Memory Coalescing Issues

Diagnosis

# Check memory efficiency
ncu --metrics \
    l1tex__t_sectors_pipe_lsu_mem_global_op_ld.sum,\
    l1tex__t_requests_pipe_lsu_mem_global_op_ld.sum \
    python benchmark.py

# Ideal ratio: sectors/requests = 1 (perfectly coalesced)
# Bad ratio: sectors/requests > 4 (poor coalescing)

Common Cause: Strided Access Pattern

// BAD: Accessing every N-th element (stride = N)
// If hidden_states is [batch, seq, hidden] and you access along batch dimension:
int idx = threadIdx.x * hidden_size;  // Stride = hidden_size
float val = input[idx];  // Non-coalesced!

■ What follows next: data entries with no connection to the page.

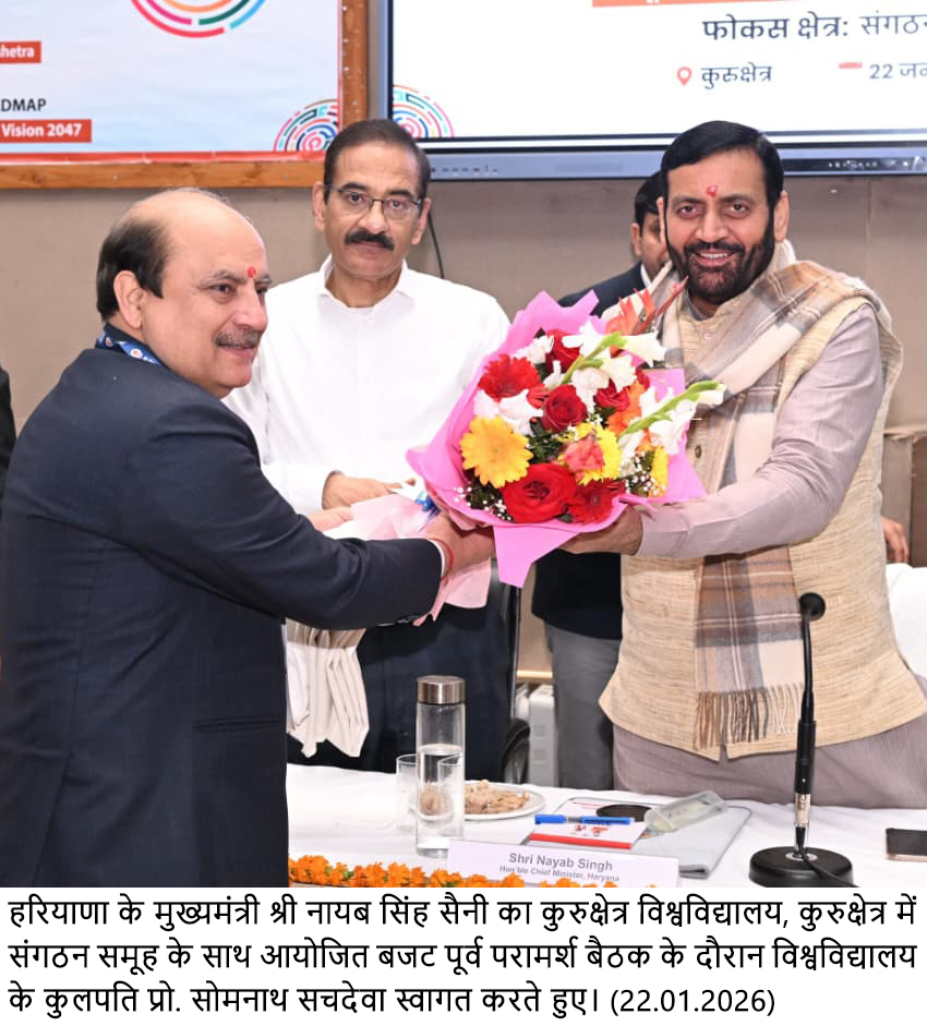 ਚੰਡੀਗੜ੍ਹ, 22 ਜਨਵਰੀ—ਹਰਿਆਣਾ ਦੇ ਮੁੱਖ ਮੰਤਰੀ ਨਾਇਬ ਸਿੰਘ ਸੈਣੀ ਨੇ ਵੀਰਵਾਰ ਨੂੰ ਕੁਰੂਕਸ਼ੇਤਰ ਵਿੱਚ ਵੱਖ-ਵੱਖ ਸੰਗਠਨਾਂ ਨਾਲ ਪ੍ਰੀ-ਬਜਟ ਸਲਾਹ-ਮਸ਼ਵਰਾ ਮੀਟਿੰਗ ਨੂੰ ਸੰਬੋਧਨ ਕੀਤਾ। ਉੱਦਮਤਾ ਰਾਜ ਮੰਤਰੀ ਗੌਰਵ ਗੌਤਮ ਵੀ ਮੌਜੂਦ ਸਨ। ਸਮਾਜ ਦੇ ਵੱਖ-ਵੱਖ ਖੇਤਰਾਂ ਦੀ ਨੁਮਾਇੰਦਗੀ ਕਰਨ ਵਾਲੀਆਂ ਪ੍ਰਮੁੱਖ ਸੰਸਥਾਵਾਂ ਦੇ ਅਧਿਕਾਰੀਆਂ ਨੇ ਮੀਟਿੰਗ ਵਿੱਚ ਸ਼ਿਰਕਤ ਕੀਤੀ। ਭਾਰਤੀ ਕਿਸਾਨ ਸੰਘ, ਭਾਰਤੀ ਮਜ਼ਦੂਰ ਸੰਘ, ਸਵਦੇਸ਼ੀ ਜਾਗਰਣ ਮੰਚ, ਅਖਿਲ ਭਾਰਤੀ ਵਿਦਿਆਰਥੀ ਪ੍ਰੀਸ਼ਦ, ਵਿਦਿਆ ਭਾਰਤੀ, ਵਕੀਲ ਪ੍ਰੀਸ਼ਦ, ਵਿਸ਼ਵ ਹਿੰਦੂ ਪ੍ਰੀਸ਼ਦ, ਕ੍ਰਿਦਾ ਭਾਰਤੀ ਸਮੇਤ ਪ੍ਰਮੁੱਖ ਸੰਗਠਨਾਂ ਦੇ ਅਧਿਕਾਰੀਆਂ ਨੇ ਹਿੱਸਾ ਲਿਆ ਅਤੇ ਆਪਣੇ-ਆਪਣੇ ਖੇਤਰਾਂ ਵਿੱਚ ਸਰਕਾਰ ਨੂੰ ਬਜਟ ਨਾਲ ਸਬੰਧਤ ਮਹੱਤਵਪੂਰਨ ਸੁਝਾਅ ਪੇਸ਼ ਕੀਤੇ।
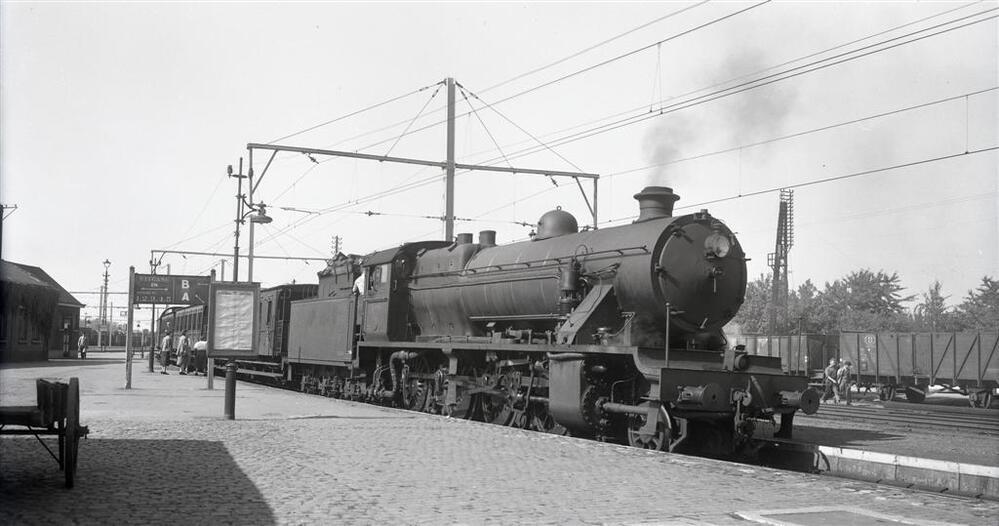 Op deze foto zien we een stoomlocomotief van het type 31 (1D Consolidation). Deze locomotief staat gereed om de GCI-rijtuigen naar Hasselt te brengen. Rechts op de foto zien we een hoge telefoonpaal en goederenwagens.
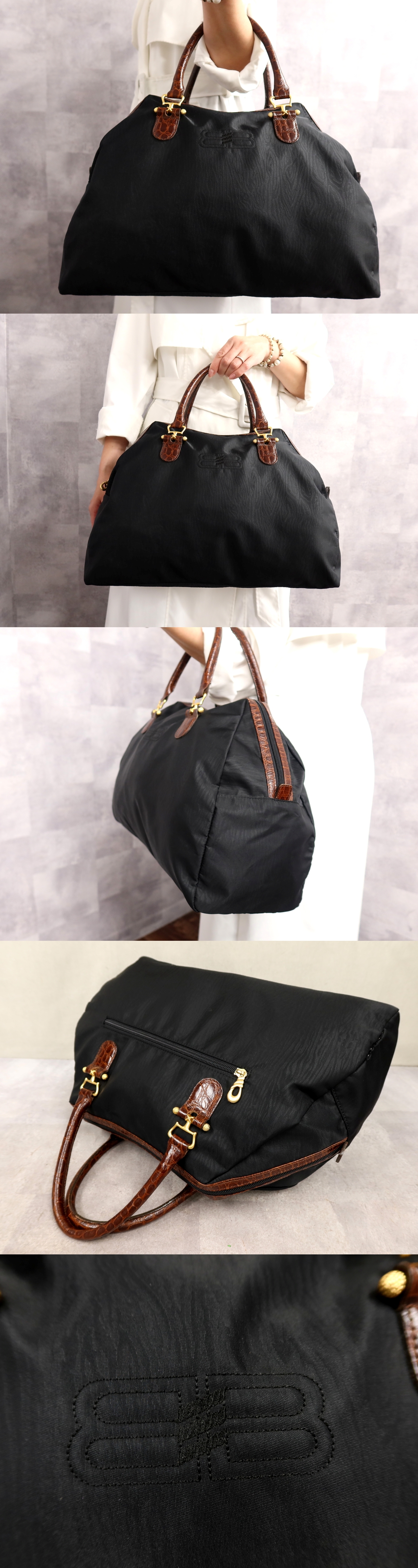 ●超美品●BALENCIAGA バレンシアガ●BBロゴ●ナイロン クロコダイル 型押し レザー 本革●ボストン バッグ●黒 ブラウン●G金具●Js67199 收藏
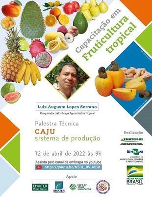 O sistema de produção do caju é o tema da próxima palestra da "Capacitação em Fruticultura Tropical", que será realizada na terça-feira (12), às 9h. A apresentação técnica será feita pelo pesquisador Luiz Augusto Serrano, da Embrapa Agroindústria Tropical. Os interessados podem acompanhar o evento on-line pelo canal da Embrapa no Youtube ou pela página da Embrapa Cerrados no Facebook.
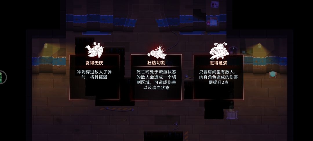 战斗外有养成内容,目前有五个角色,三个可用两个未开放,使用一名角色进行游戏,所获得的经验值也针对这一名角色。等级提升后解锁技能,可以用关卡内产出的资源升级该技能。每个角色总计五个技能槽位,两个主要技能,三个次要技能。
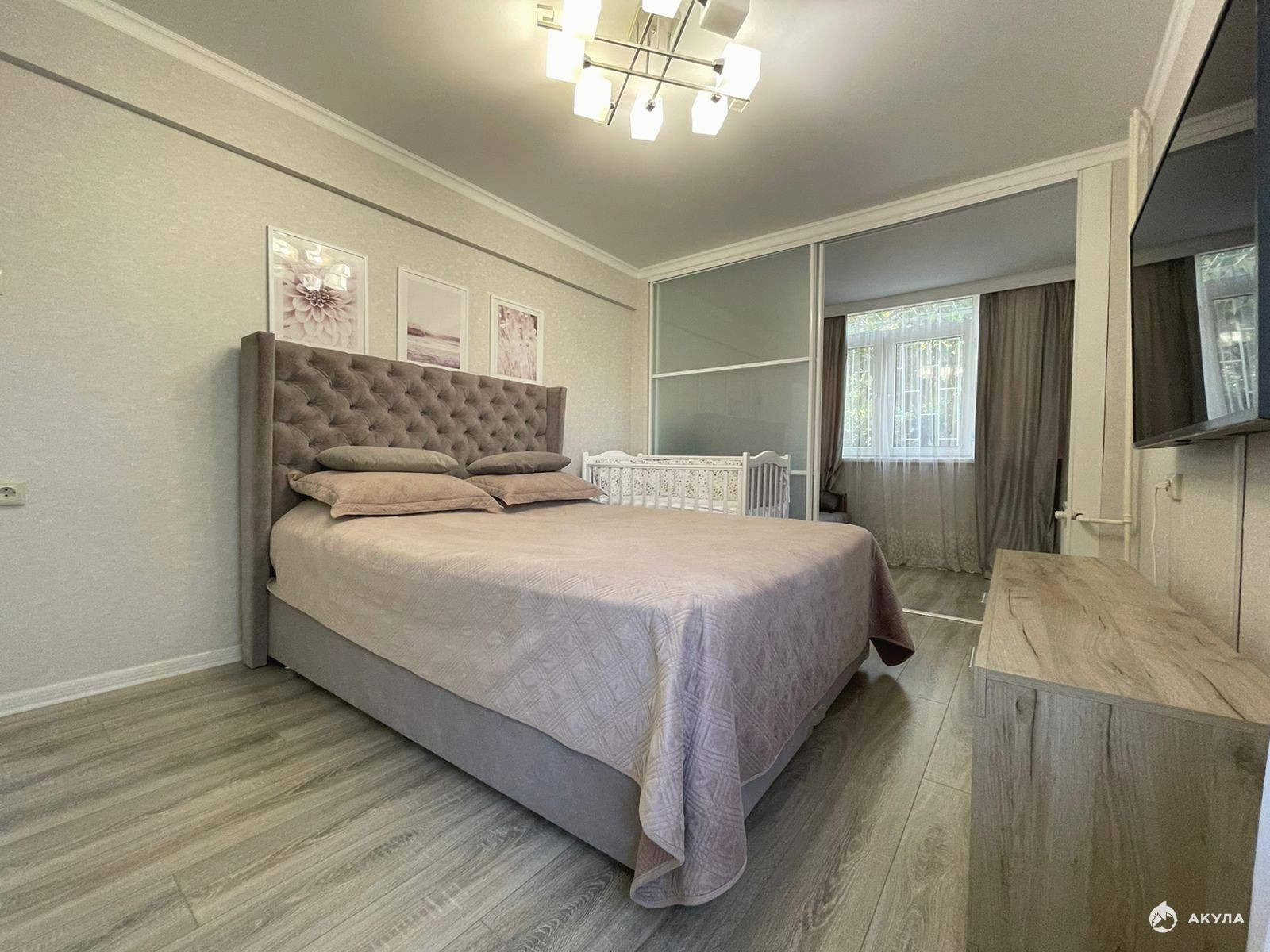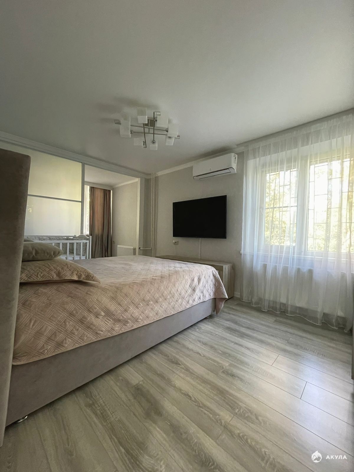Произведён качественный ремoнт по индивидуальному проeкту с зaмeной вcex коммуникaций и электропроводки, натяжные потолки. Имеется вся необходимая мебель и бытовая техника. Установлены два кондиционера, два телевизора, хороший холодильник, стиральная машина, а также иная техника. Квартира в собственности больше 15 лет.
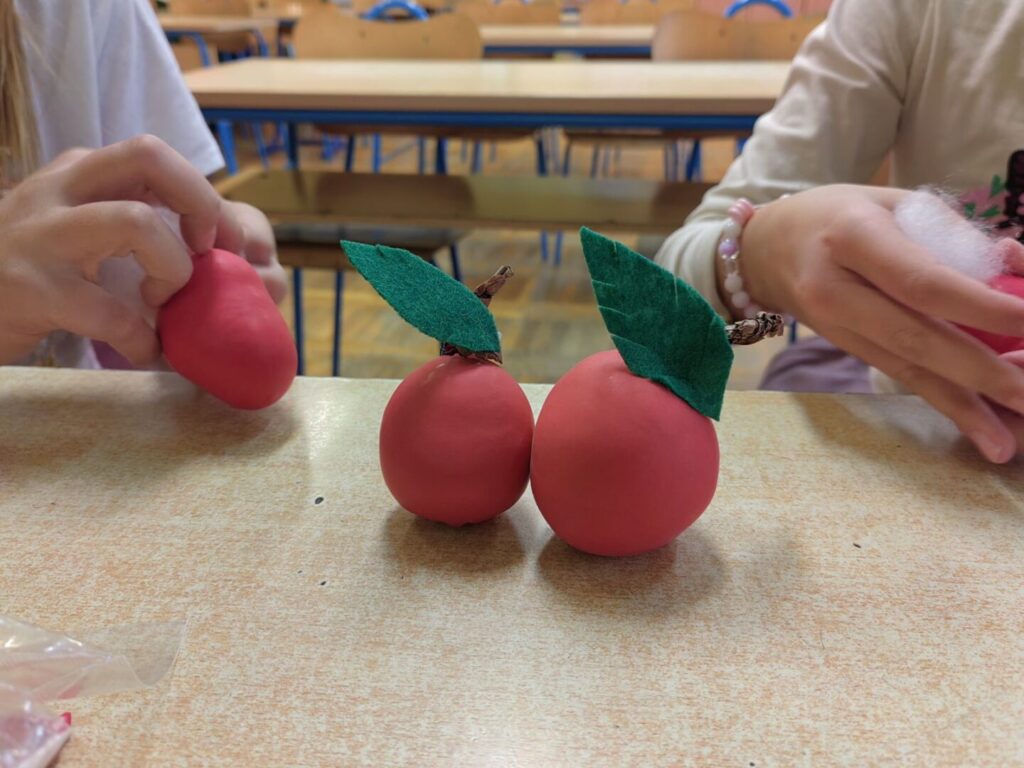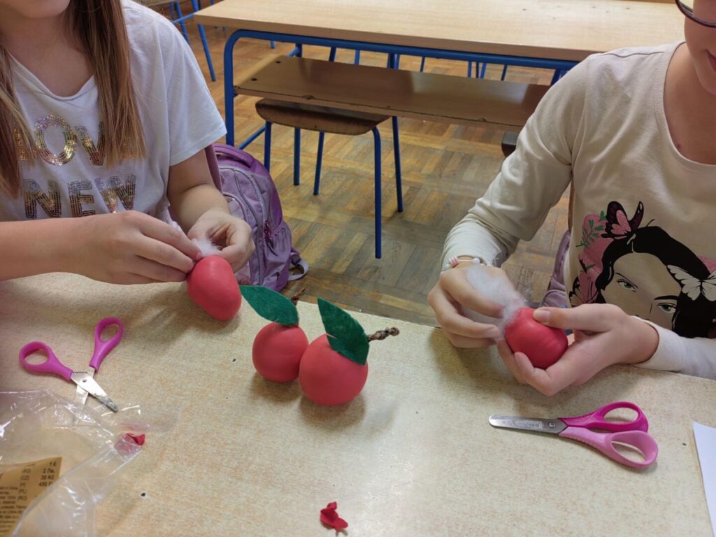 Na izvannastavnoj aktivnosti Mali kreativci, učenice su punjenjem balona izrađivale jabuke.
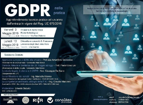 L'oggetto del seminario di studi è l'approfondimento tecnico-pratico del GDPR ad un anno dall’entrata in vigore del Reg. UE 679/2016
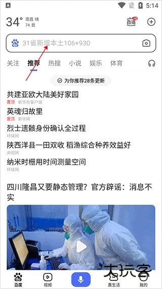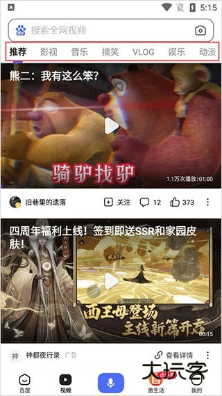 2、点击“视频”可以看到很多类型的影视和流行热门短视频,上方左右滑动可以调整分类;
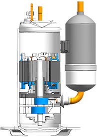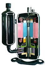 It is called a rotary compressor, and is mainly used for air conditioners by compressing high-temperature and high-pressure gas while the roller rotates inside the cylinder.
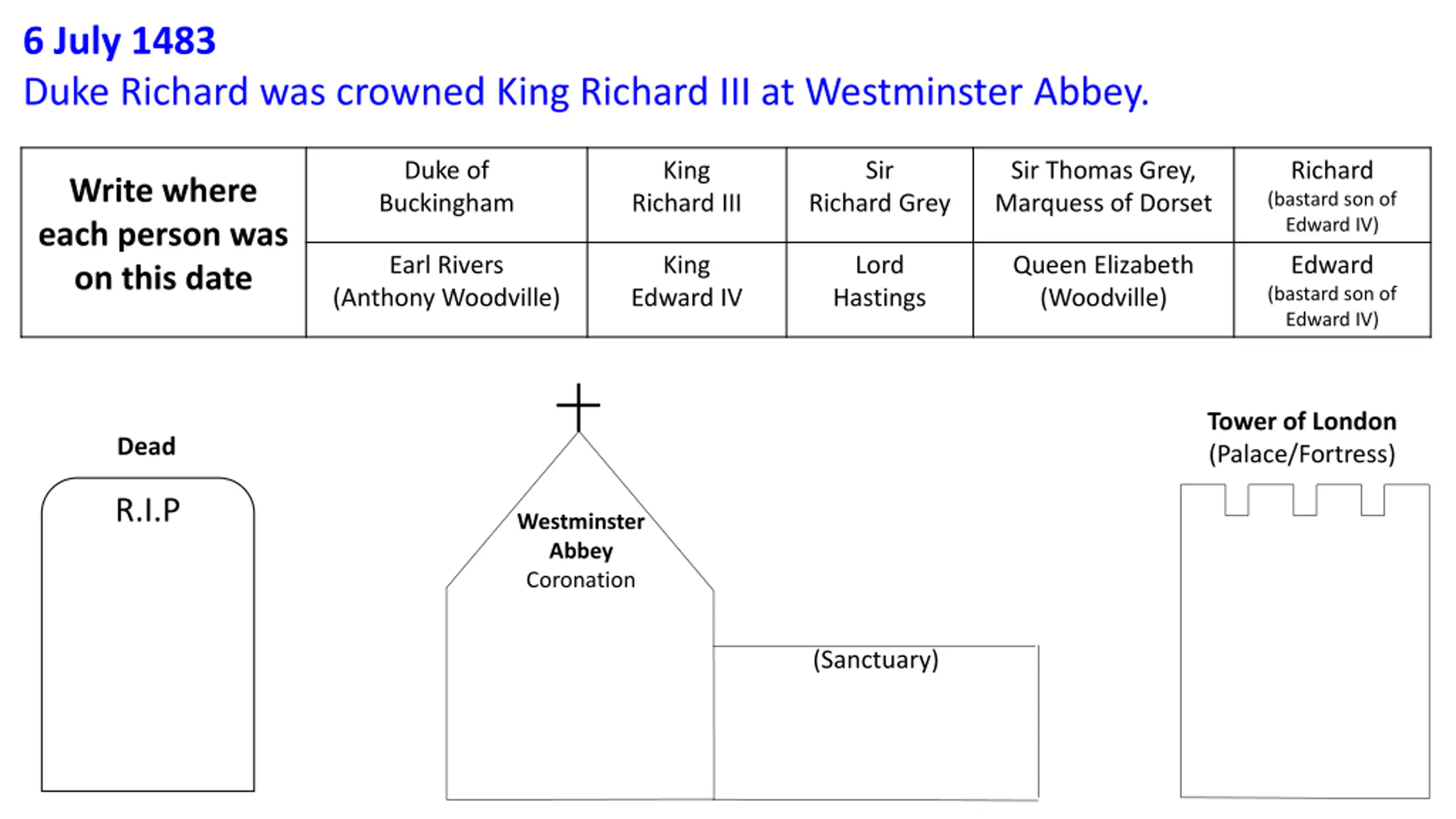 6 July 1483 Duke Richard was crowned King Richard III at Westminster Abbey. Duke of Buckingham King Richard III Sir Richard Grey Sir Thomas Grey, Marquess of Dorset Richard (bastard son of Edward IV) Write where each person was on this date Earl Rivers (Anthony Woodville) King Edward IV Lord Hastings Queen Elizabeth (Woodville) Edward (bastard son of Edward IV) Tower of London (Palace/Fortress) Dead R.I.P Westminster Abbey Coronation (Sanctuary)
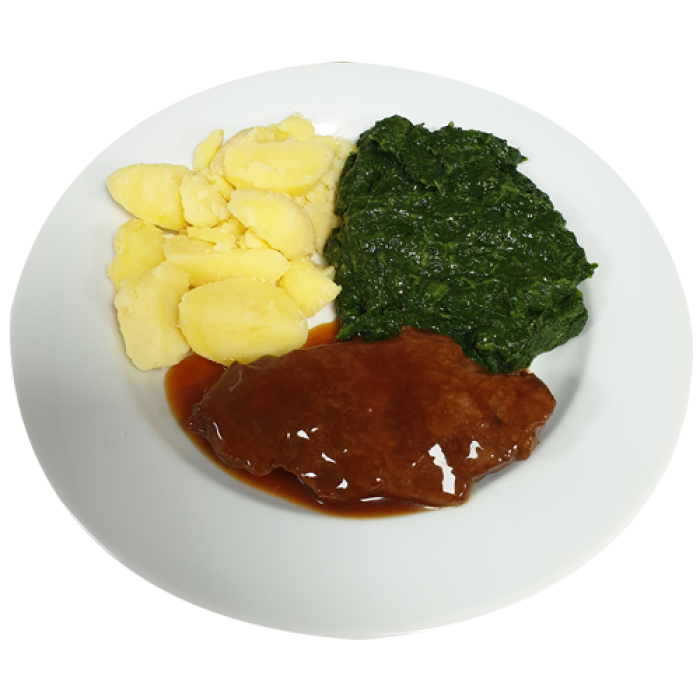 Runderlap Vleesjus Spinazie Aardappelen gekookt
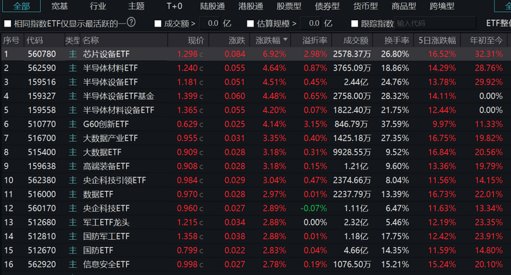 截至11月8日收盘,半导体材料设备主题ETF领涨市场,最高涨近7%;新兴产业、大数据产业、高端设备等主题ETF也涨幅居前。不过,半导体行业ETF整体表现较弱。
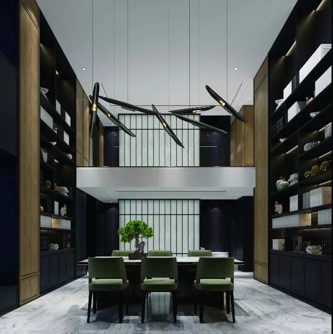 项目整体设计以墨绿色、白色和少量的黑金色构成整个空间的色彩基调。其中入口玄关处借鉴贵阳当地苗族服饰图案的元素,用铜制镶嵌绿松石描绘出当地的文化符号。客厅中“雁南飞”自然元素的吊灯,体现了格调高雅、奢华的意境。

// GOOD: Access consecutive elements
int idx = blockIdx.x * blockDim.x + threadIdx.x;
float val = input[idx];  // Coalesced!

// If you need to process along a non-contiguous dimension,
// transpose the data first or use shared memory:
__shared__ float smem[BLOCK_SIZE];
// Load coalesced
smem[threadIdx.x] = input[blockIdx.x * blockDim.x + threadIdx.x];
__syncthreads();
// Access with stride in shared memory (much cheaper than global)
float val = smem[threadIdx.x * stride % BLOCK_SIZE];

Common Cause: Misaligned Access

// BAD: Starting from an unaligned address
float4 data = reinterpret_cast<const float4*>(input + 1)[tid];  // Misaligned!

// GOOD: Ensure alignment
// PyTorch tensors are typically 256-byte aligned at the start
// But offsets (e.g., input + row * hidden_size) may not be float4-aligned
// Check at runtime:
assert(reinterpret_cast<uintptr_t>(ptr) % 16 == 0);  // 16-byte aligned for float4

Integration Issues

NoneType Weight Error

Error: TypeError: expected Tensor as element 1 in argument 0, but got NoneType

This occurs when patching a diffusers RMSNorm that has no weight (elementwise_affine=False):

# The error happens here:
def patched_forward(hidden_states):
    return cuda_rmsnorm(hidden_states, module.weight, module.eps)
    #                                  ^^^^^^^^^^^^^ This is None!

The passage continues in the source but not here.